PRODUCT_GROUP	SUB_CLASSIFICATION	VENDOR	MOLECULE_OR_TEST_TYPE	UNIT_OF_MEASURE_PER_PACK	BRAND	DOSAGE	DOSAGE_FORM	LINE_ITEM_QUANTITY	LINE_ITEM_VALUE	PACK_PRICE	UNIT_PRICE	MANUFACTURING_SITE	WEIGHT_KILOGRAMS	FREIGHT_COST_USD
HRDT	HIV test	RANBAXY Fine Chemicals LTD.	HIV. Reveal G3 Rapid HIV-1 Antibody Test	30 Tests	Reveal	N/A	Test kit	19	551	29	0.97	Ranbaxy Fine Chemicals LTD	13	780.34
ARV	Pediatric	Aurobindo Pharma Limited	Nevirapine	240 ml	Generic	10mg/ml	Oral suspension	1000	6200	6.2	0.03	Aurobindo Unit III. India	358	4521.5
HRDT	HIV test	Abbott GmbH & Co. KG	HIV 1/2. Determine Complete HIV Kit	100 Tests	Determine	N/A	Test kit	500	40000	80	0.8	ABBVIE GmbH & Co.KG Wiesbaden	171	1653.78
ARV	Adult	SUN PHARMACEUTICAL INDUSTRIES LTD	Lamivudine	60 Tabs	Generic	150mg	Tablet	31920	127360.8	3.99	0.07	Ranbaxy. Paonta Shahib. India	1855	16007.06

My Code is :

from py2neo import Graph
graph = Graph("bolt://localhost:7687", user="neo4j", password="1234")
tx = graph.begin()
transaction = graph.begin()
for index, row in df2.iterrows():
tx.evaluate('''
CREATE (b:MOLECULE_OR_TEST_TYPE {property:$MOLECULE_OR_TEST_TYPE}
{PRODUCT_GROUP:PRODUCT_GROUP ,
SUB_CLASSIFICATION:SUB_CLASSIFICATION ,
UNIT_OF_MEASURE_PER_PACK:UNIT_OF_MEASURE_PER_PACK ,
BRAND:BRAND AND DOSAGE_FORM:DOSAGE_FORM ,
LINE_ITEM_QUANTITY:LINE_ITEM_QUANTITY ,
PACK_PRICE:PACK_PRICE AND UNIT_PRICE:UNIT_PRICE ,
MANUFACTURING_SITE:MANUFACTURING_SITE ,
WEIGHT_KILOGRAMS:WEIGHT_KILOGRAMS ,
FREIGHT_COST_USD:FREIGHT_COST_USD})
MERGE (v:VENDOR {property:$VENDOR})
MERGE (b)-[:R_TARGET]->(v)
RETURN v,b
''', parameters = {'MOLECULE_OR_TEST_TYPE': str(row['MOLECULE_OR_TEST_TYPE']),
'PRODUCT_GROUP': str(row['PRODUCT_GROUP']),
'SUB_CLASSIFICATION': str(row['SUB_CLASSIFICATION']),
'UNIT_OF_MEASURE_PER_PACK': str(row['UNIT_OF_MEASURE_PER_PACK']),
'BRAND': str(row['BRAND']),'DOSAGE_FORM': str(row['DOSAGE_FORM']),
'LINE_ITEM_QUANTITY': str(row['LINE_ITEM_QUANTITY']),
'PACK_PRICE': str(row['PACK_PRICE']),
'UNIT_PRICE': str(row['UNIT_PRICE']),
'MANUFACTURING_SITE': str(row['MANUFACTURING_SITE']),
'WEIGHT_KILOGRAMS': str(row['WEIGHT_KILOGRAMS']),
'FREIGHT_COST_USD': str(row['FREIGHT_COST_USD']),
'VENDOR': str(row['VENDOR'])})
graph.commit(tx)

Please do helpful.

Rcolinp · ‎05-03-2022

Hey there!

Maybe I can help you out!

From reading your post and looking at what you have here, it looks like you are simply trying to import this data into Neo4j (and the means of you importing is just via python).

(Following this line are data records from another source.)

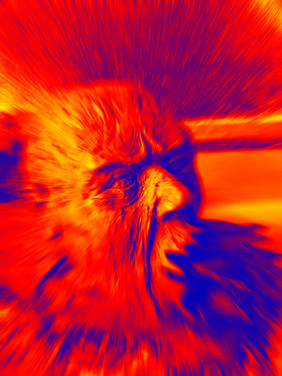 It is on cardboard i wanted to make a sacred object. The figure solidifies into churning patterns of the subconscious and from his third eye and the third eyes of the archetypes that make up its identity, rich blue plasma bubbles create the altered and succulent higher reality.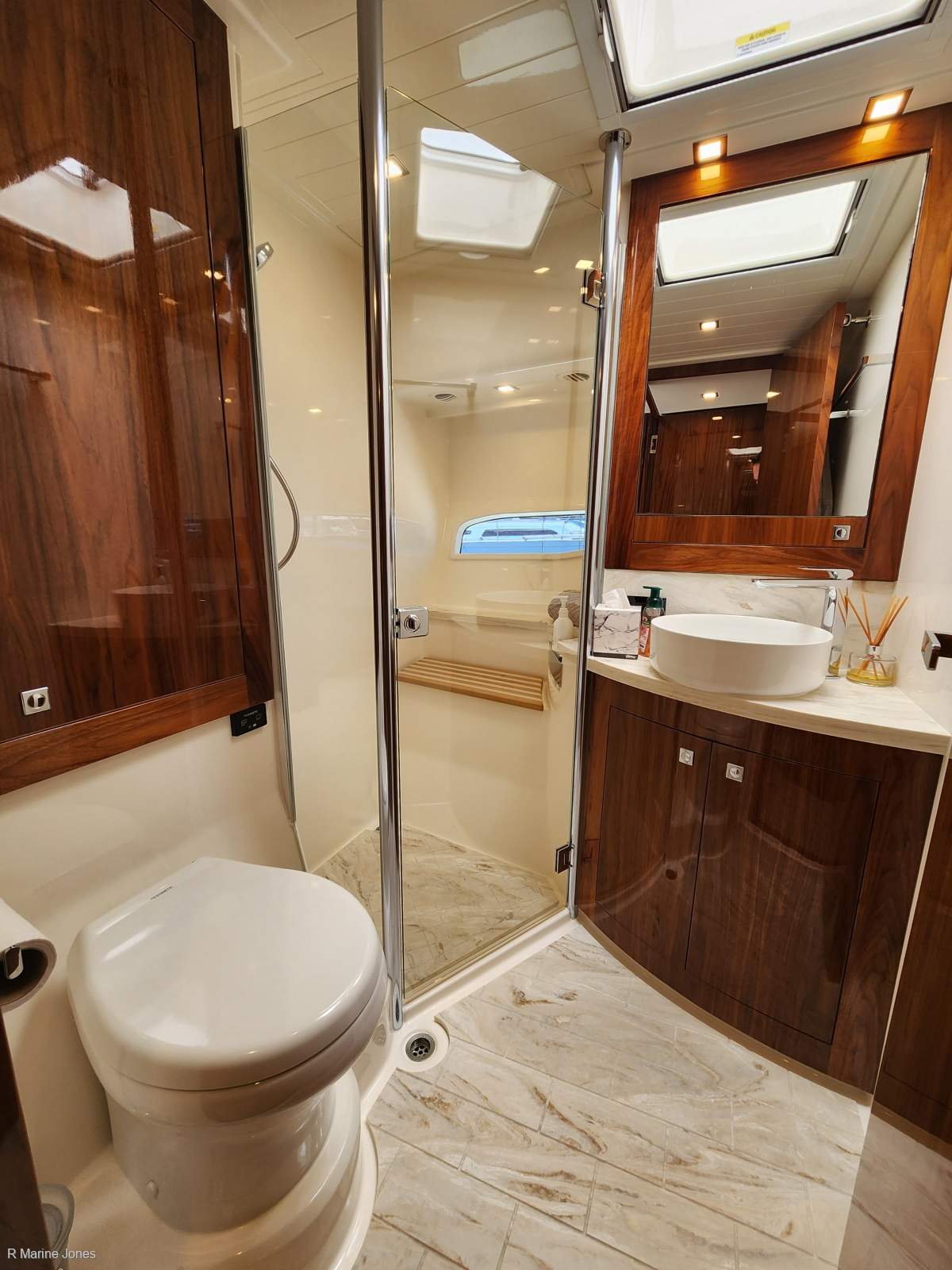 3 Spacious cabins with lower lounge, 1 x full width Master cabin including ensuite, 1 x VIP guest cabin fwd with ensuite, 1 x twin singles with ensuite. Stbd master cabin hull window fitted with electric blind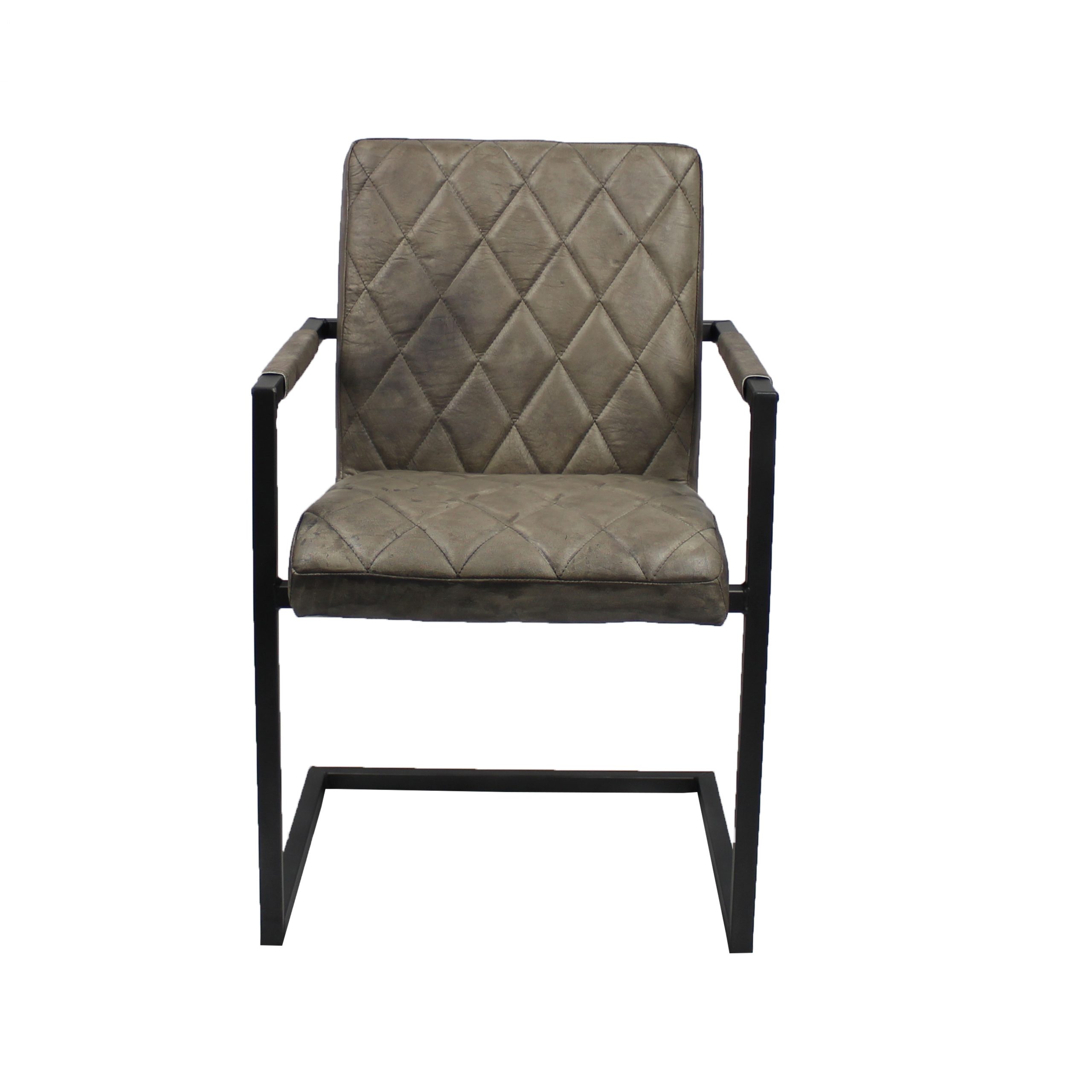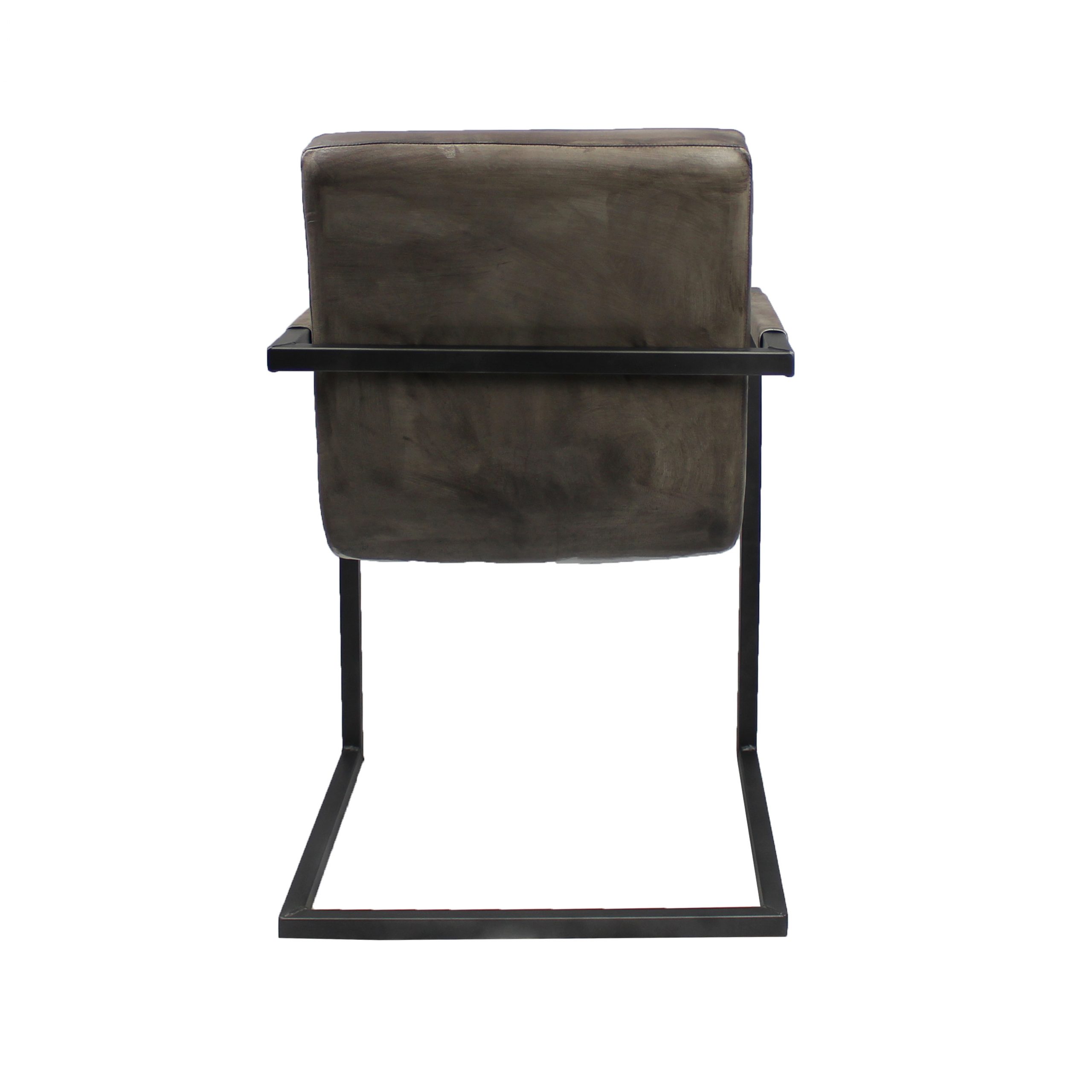 Der elegante Armlehne büffelleder Stuhl im Industriedesign mit manuell gefertigtem Metall-Rahmen. Der Metall-Rahmen wird nach dem Schweißen noch mit einer Schicht Klarlack pulverbeschichtet, um Korrosion und Kratzspuren zu vermeiden. Die Sitzschale wird aus 100% Büffelleder gefertigt. Das Leder wird per Hand gegerbt, gefärbt und vernäht. Armlehne büffelleder Stuhl bietet auf Grund ihrer Konstruktion ein angenehmes Sitzgefühl und hohen Sitzkomfort. Das robuste Stahlgestell und eine qualitativ hochwertige Verarbeitung garantieren eine lange Lebensdauer. Das Produkt wird fertig montiert ausgeliefert. Zusammen mit den Lederbezügen an den Armlehnen bieten die Lentstühle (???) exklusiven Entspannung.

Let me break down the import via Cypher and then we can see how that translates to using Neo4j official driver or in your case py2neo python driver.

Assumptions:

I am going to assume that you want to import all data as strings provided the parameters={} you had set. (This will simplify everything as well)
I'll assume you are importing this table via a local file

How to Import Data Using Cypher
You have two desired nodes (Product & Vendor) and there should be a relationship that exists from Product to Vendor. First, let's begin by importing the Product nodes.

Per the assumption made that all properties will exist as strings, this can easily be done via following command:

LOAD CSV WITH HEADERS FROM 'file:///{filename}.csv' AS row
MERGE (p:Product)
SET p += row;

This above cypher query will load a local csv file with headers, assume all columns are type string and MERGE will perform the same as CREATE (it just will not create anything in database that already exists).

Next we will create Vendor nodes:

LOAD CSV WITH HEADERS FROM 'file:///{filename}.csv' AS row
MERGE (:Vendor {vendor : row.vendor}); // This will create `vendor` property for Vendor Node.

Now lastly we can create relationship from Product to Vendor and create a relationship HAS_VENDOR (just an idea looking at dataset)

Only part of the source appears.